The high teenage pregnancies in the country now could lead to the creation of a population equivalent to two medium cities or ten municipalities, the Commission on Population and Development (POPCOM) predicted, which in turn could derail economic growth.

POPCOM further stated that the 29,000 births by teen moms in 2020 would increase the number of families led by minors to 70,755. However, with another estimate of 62,510 births by teenage mothers in 2021, the total number of families led by minors in the country can go up to 133,625.

According to Undersecretary Juan Antonio Perez 3rd, POPCOM Executive Director this is equivalent to a population of 260,000 people, which is the average population of 10 municipalities in the Philippines combined. This is also a conservative estimate.

“An estimated P33 billion is lost due to teenage pregnancies every year as early childbearing reduces age earnings (wage rate) profile through its effect on high school completion. The age-earnings profile is higher among those who completed high school compared to those who did not,” Perez said.

A United Nations Population Fund study calculated that a teenage girl who gets pregnant and does not finish high school may potentially lose earnings up to P83,000 a year when she gets paid for work at age 20. This is about 87 percent of the potential annual income of a 20-year-old woman who completed her high school education and did not get pregnant in her teen years.


“The study shows that completing high school education increases daily wage rates of women by P300. At age 20, a girl who began childbearing before age 18 may only earn about P46 a day, compared to the P361 per day estimate for someone who completed high school and did not get pregnant early,” POPCOM said,

Teen pregnancy and childbearing affect the economic well-being of teen parents, their children and the state.
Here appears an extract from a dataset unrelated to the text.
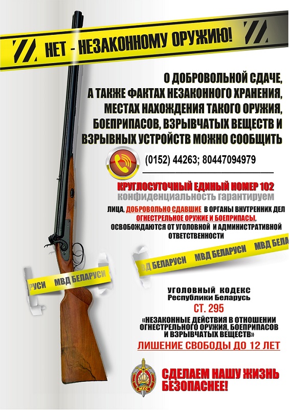 Граждан, обладающих информацией о незаконном хранении оружия, просим позвонить в милицию по телефону 102, или инспектору по разрешительной работе по телефонам: 44263 или 8 (044) 7094979. Телефон горячей линии «ПРОЩАЙ ОРУЖИЕ!» УВД Гродненского облисполкома 8-0152-79-72-07. Анонимность гарантирована.

Having a child in adolescence makes it more difficult for young people to achieve their educational, career and other life goals and affects the future prospects of their children—at considerable cost to taxpayers.

“In an economy that increasingly demands higher levels of educational achievement, teen pregnancy can interrupt or derail education, with lasting consequences. Even if teens complete high school, unplanned pregnancy can still disrupt higher education goals,” POPCOM said.

“Low levels of educational attainment among teen parents reduce employment opportunities and earnings later on in life. The state, in turn, loses out on purchasing power, collects fewer taxes and may experience reduced worker productivity,” the agency added.

There were about 171 livebirths born to minors everyday in 2019 and the country ranked fourth in terms of Adolescent Birth rate among Southeast Asian countries.

The agency is thus pushing for the passage of a pending bill that seeks to prevent teenage pregnancy that will strengthen mechanisms and interventions to educate and enable adolescents to access appropriate services including family planning information and services, as well as, a comprehensive social protection program for teenaged mothers and their children.

Currently under the Period of Interpellation in the Senate and awaiting committee action at the House of Representatives, the bill provides access of minors to reproductive health services including modern family planning methods, comprehensive sexuality education, establishment of adolescent friendly health facilities, and social protection for adolescent mothers and fathers.